So, the question for boxing is: does the sport need to acknowledge that it has a safety problem? Well, the answer is a lot harder than you might think. Two of the biggest forces in pushing the NFL to admit that it had its own safety issue were well-recognized trends of player brain injuries and public opinion pressures — both of which the sport of boxing lacks. The revelation of CTE in ex-NFL players such as Terry Long and Junior Seau became widespread predominantly because of headlines that detailed these former stars acting extremely out of character following their careers. That they both died from suicide grabbed the eye of the sports world and these “anomalies” evolved into evidence in what would become the trend that would force the NFL to overhaul its rules.

However, boxing doesn’t have the widespread publicity, star power, resources, nor a meaningful trend to begin considering modifying its safety regulations. Although the death of Patrick Day was the fourth boxing-related death in 2019, he was only the first American to die of injuries sustained in a bout since 2006. And, although four deaths in a single year is a new high for boxing, many other years have seen two and three deaths. Moreover, though there have been eight boxing-related passings since 2017, from 2014 to 2016 there was only one so there is really no consistent trend for proponents of increased safety to rely on.
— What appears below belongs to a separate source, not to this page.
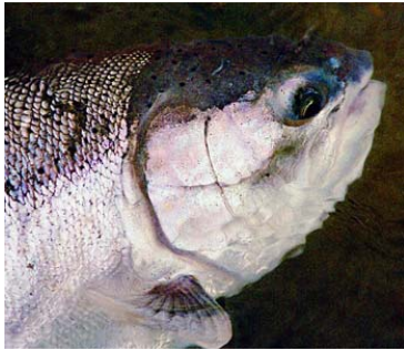
A hen Steelhead just in from the salt.

These stats all come together to say that boxing likely won’t face much outside pressure to reshape its rules in the near future and so the onus for change is largely on boxing organizations. While there are few precedents on cases related to injuries sustained in boxing, two examples highlight the potential for future issues to arise. In 2017, the State of New York agreed to pay out $22 million to Magomed Abdusalamov, who suffered severe brain damage in the ring four years prior and was subject to less-than-adequate post-fight care that resulted in a loss of walking and speaking ability. Earlier this year, former boxer, Daniel Franco, sued his agency Roc Nation Sports for severe brain damage he sustained after being pressured into three fights despite concerns of his health and readiness. While the case is still ongoing, the lawsuit itself represents the culpability involved in boxing and another ruling in favor of the boxers would foreshadow additional player-safety suits in the future.

It is wholly possible that given the differences between the way professional football and professional boxing are structured, boxing will never face the sort of pressure that the NFL was forced to confront. Yet, as boxing-related brain trauma and deaths pile up, one has to wonder just where the organizations or their fans draw the line. The NFL clearly handled the CTE research poorly and continues to pay a steep price for doing so. If the sport of boxing and its administration is paying attention, any legal settlements and unfavorable media associated with future injuries far outweigh the cost of preemptive safety measures and additional research. It is easy to express regret and give the routine “thoughts & prayers,” but unless those involved at all levels of boxing demand change, Patrick Day’s life, and undoubtedly many others, will have been in vain. Either way, the decision is in boxing’s corner.